Before he could turn his back on me, I stopped him with the next question, “Scholem?”
He sneered at what he chose to regard as a mispronunciation. “Shalom to you as well.”
“No, no,” I persisted, “I mean Gershom Scholem. He writes on the kabbalah.”
He took this remark as the ploy it was and answered dubiously, “What particular title were you interested in?”
“Well, I’d like to see what you have.”
“Certainly,” he replied and pointed to the opposite wall. “Mysticism’s over there on the top three shelves. If you need any advice just ring the bell on the counter and I’ll come out. Now, if you’ll excuse me.”
He turned and saw his niece still standing there.
“Miriam,” he said with a frown, “I thought I told you to go.”
“I’m not talking to him or anything.”
“But you’re looking,” her uncle snapped. “And you know what the Code says about that.”

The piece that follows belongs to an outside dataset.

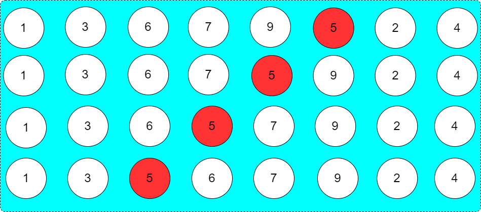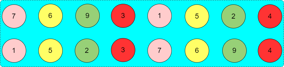 第一轮:数组长度/2 = 4,4个间隔元素进行大小比较和交换

This was my moment. I intervened with as much hostility as I could put into a single sentence. “And in precisely what tractate does such an interdiction appear?”
Uncle Abe was stumped. “Uh—it doesn’t matter, I just know that it’s forbidden.”
“I beg your pardon,” I replied, warming to the fray. “According to Chapter 152:1 of the Code, I’m forbidden to look at Miriam—which, as you can see, I’m not doing. It’s forbidden for me to look at her and say that her hair is the loveliest I’ve ever seen, her voice the loveliest I’ve ever heard. But of course I’d never do such a thing.”
I stole a look at her out of the corner of my eye. She was smiling.